Is that cool or what?!?

side note: Manualy creating the case statement function that gets the node names is a bit of a pain on large clusters so I wrote a simple a scala app to do this (see https://github.com/jackghm/Vertica/wiki/nodeSegUDFgen-ReadMe )

Everything I just showed you is also available in the Vertica SDK (see the VHash class)

but having SQL functions is handy for native vSQL queries.

https://my.vertica.com/docs/7.2.x/HTML/index.htm#Authoring/ConnectingToHPVertica/ClientJDBC/KVApi/VHash.htm?Highlight=vhash

Aside from checking data skew of existing projection hash columns,

you can use this method when planning for new projection hashing using an existing table.

Let's say our Customer service team looks up users by their name and you want to determine if a projection with a hash() on User Name would be a good distribution accross the nodes.

select jackg.segmentationNode(jackg.segmentation(hash(userName))) as NodeNameFromSegmentIntValFromHashIntVal , count(1) as userNameRowCountByNode from jackg.testHashNodes group by 1 order by 1;

NodeNameFromSegmentIntValFromHashIntVal userNameRowCountByNode

v_vmart_node0002 1
v_vmart_node0003 4

The hash(userName) was a real world scenario I ran into.

It turns out one of the regional applications was creating empty strings for user names, so most of the user records were only on one node :-(

Eventualy this one node would run out of disk space.
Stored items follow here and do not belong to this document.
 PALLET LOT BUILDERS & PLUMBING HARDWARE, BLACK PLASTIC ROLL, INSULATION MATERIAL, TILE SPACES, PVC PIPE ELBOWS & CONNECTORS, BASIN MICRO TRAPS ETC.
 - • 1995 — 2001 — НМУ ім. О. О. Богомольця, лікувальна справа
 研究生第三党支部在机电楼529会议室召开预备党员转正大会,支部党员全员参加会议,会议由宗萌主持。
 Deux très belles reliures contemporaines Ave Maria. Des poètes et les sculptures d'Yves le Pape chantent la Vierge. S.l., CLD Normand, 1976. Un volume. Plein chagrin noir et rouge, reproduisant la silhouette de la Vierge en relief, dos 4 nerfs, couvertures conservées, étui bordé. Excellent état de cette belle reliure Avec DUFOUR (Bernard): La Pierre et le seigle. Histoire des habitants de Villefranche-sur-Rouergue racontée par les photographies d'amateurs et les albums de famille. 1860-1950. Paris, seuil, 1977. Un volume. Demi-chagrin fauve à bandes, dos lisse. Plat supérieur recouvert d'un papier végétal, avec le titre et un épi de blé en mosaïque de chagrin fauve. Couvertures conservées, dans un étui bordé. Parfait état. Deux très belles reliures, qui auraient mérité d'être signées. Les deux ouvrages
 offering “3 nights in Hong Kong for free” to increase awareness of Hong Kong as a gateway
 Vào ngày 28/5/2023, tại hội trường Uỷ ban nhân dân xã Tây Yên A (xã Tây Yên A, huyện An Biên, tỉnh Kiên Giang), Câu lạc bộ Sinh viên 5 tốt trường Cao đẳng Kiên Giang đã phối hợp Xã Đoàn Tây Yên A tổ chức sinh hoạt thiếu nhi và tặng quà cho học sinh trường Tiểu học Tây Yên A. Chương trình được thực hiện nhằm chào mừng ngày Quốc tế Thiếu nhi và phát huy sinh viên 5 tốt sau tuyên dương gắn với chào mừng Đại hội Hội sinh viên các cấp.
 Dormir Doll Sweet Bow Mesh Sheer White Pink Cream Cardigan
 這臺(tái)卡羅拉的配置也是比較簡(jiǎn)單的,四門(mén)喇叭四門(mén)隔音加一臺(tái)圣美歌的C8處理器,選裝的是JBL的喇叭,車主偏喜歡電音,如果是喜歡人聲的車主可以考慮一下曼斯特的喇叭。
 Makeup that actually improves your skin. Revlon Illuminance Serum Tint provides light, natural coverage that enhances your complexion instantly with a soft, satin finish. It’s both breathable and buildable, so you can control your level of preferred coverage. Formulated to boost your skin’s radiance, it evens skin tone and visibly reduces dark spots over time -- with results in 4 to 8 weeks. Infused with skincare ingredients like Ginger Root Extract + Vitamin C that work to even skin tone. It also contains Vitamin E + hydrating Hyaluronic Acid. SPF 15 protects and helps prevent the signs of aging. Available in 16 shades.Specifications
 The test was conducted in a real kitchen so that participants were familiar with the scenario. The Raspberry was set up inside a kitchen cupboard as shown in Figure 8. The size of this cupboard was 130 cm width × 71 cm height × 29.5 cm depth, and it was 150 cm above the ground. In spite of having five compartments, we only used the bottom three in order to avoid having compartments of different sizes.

Another use case for knowing apriori the hash to node affinity for records was when we used this method to prehash/segment data for parallel loading
to achieve 36TB+/hour of data ingestion to Vertica.

See the video/slideshare from my Big Data Conference 2015 session

http://www.slideshare.net/jackghm/hpbigdata2015-pstl-kafka-spark-vertica

Stated differently, MPP for reads is awesome AND MPP for Loading Data also rocks!